And as someone else recommended: MasterPeace Dog Training | Peaceful training for dog and master


----------



## ceegee (Mar 26, 2015)

I find it hard to believe there's nothing available between these two extremes.


As others have said, the private trainer's package is very expensive, and personally I would shy away from Petco classes. I take my dogs to a terrific training school: for obedience: group classes with enough assistant trainers in the room (one per four dogs) to provide personalized attention for specific problems, homework sheets, plus access to several miles of private off-leash trails in a forest, and a broad range of classes ranging from puppy obedience to advanced competition training. Focus is on teaching humans how to train dogs. Cost is $150 per six weeks, so $600 per six months.


I'm sure there must be something like that available in your area. Hope you find what you're looking for!


----------



## Jmcarp83 (May 4, 2018)

Yikes. Those prices seem high. Look for a local dog training club. I think you’ll be surprised to find a bunch of people with like minded goals and pretty skillful! 

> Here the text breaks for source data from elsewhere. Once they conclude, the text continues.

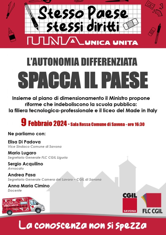 L’evento prenderà il via al mattino con il passaggio del Camper in Valle Bormida, dove si fermerà prima ad Altare e poi a Cairo. Nel pomeriggio il camper arriverà a Savona, in Piazza Sisto IV, con un’iniziativa in sala Rossa alle ore 16.30 alla quale saranno presenti: Elisa Di Padova vicesindaco Comune di Savona, Mario Lugaro Segretario Generale Flc Cgil Liguria, Sergio Acquilino avvocato, Andrea Pasa Segretario Generale Cgil Savona, Anna Maria Cimino docente.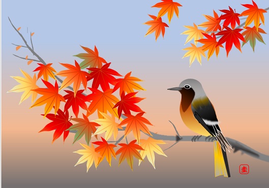 | 2022年10月12日の作品 にゃんこさんの“紅葉と野鳥” 使用ソフト:ワード 自主勉強です 10/12に、メールで届きました。 |
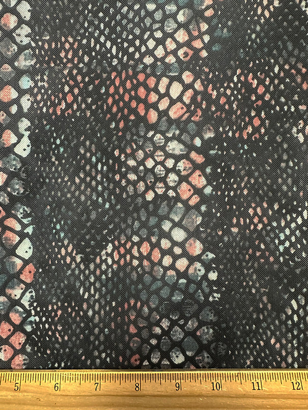 -Pink, Blue, White, & Aqua Multi Reptile Print on Black Stretch Mesh Fabric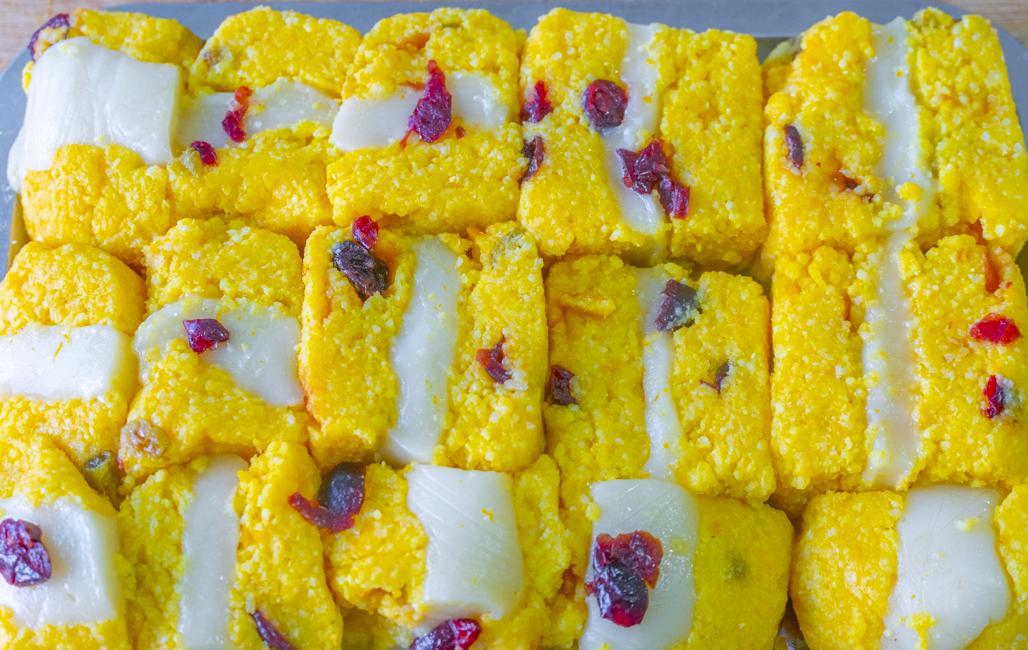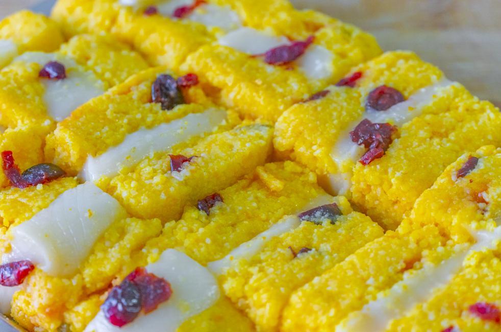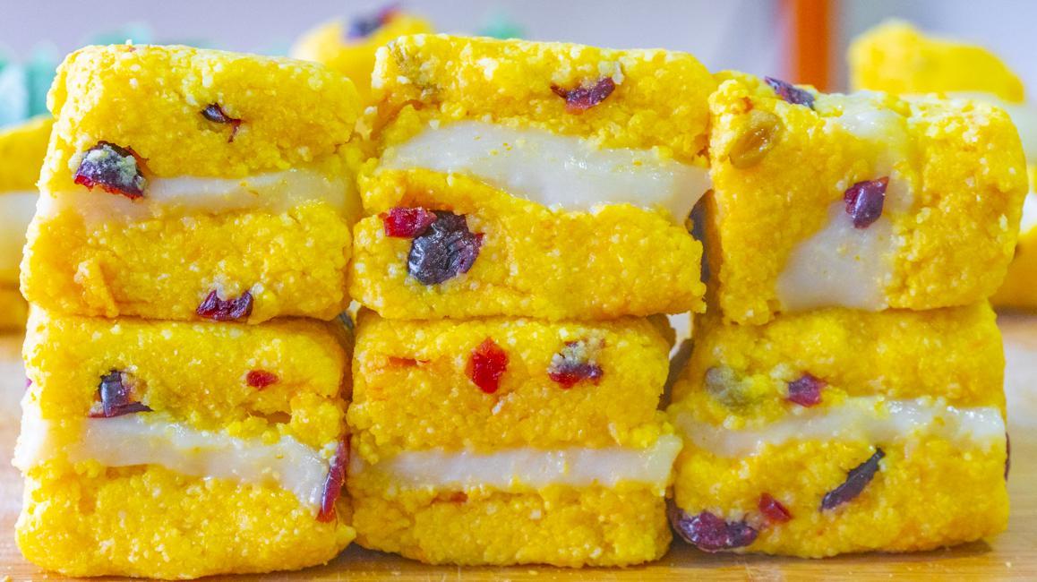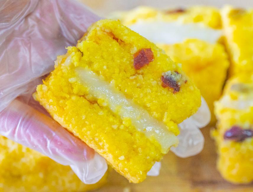 9、完全涼透後倒扣脫模切小塊兒,小米糕就做好了。
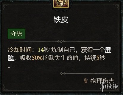 5、铁皮获取50%生命值的屏障,持续5秒,冷却14秒,仅限野蛮人。

My KPT class cost $70 because I was a non-member or trial member. 

January 1 I paid $50 to become a member. Every other class I take is $40 for a 7 week session. 

Through that club I found a trainer who operates her own training as a non-profit for dog rescues and paid a $25 year membership that goes to a charity and the 7 week training class is $30. 

I took another class at a different facility and that was $90. 

This spring session I have Rally 2 ($30) and Competition Novice Skills ($40). 

So I’m literally all in with membership fees since December for $375 and that’s 6 classes total.


----------



## CbJax (Jan 12, 2019)

Prism Goldens said:


> https://www.crdtc.org/
> New England Dog Training Club
> 
> either of these close enough?


Charles river is about 30 minutes away. They seem reasonably priced. 165 for six weeks 40 min sessions.

Thanks!


----------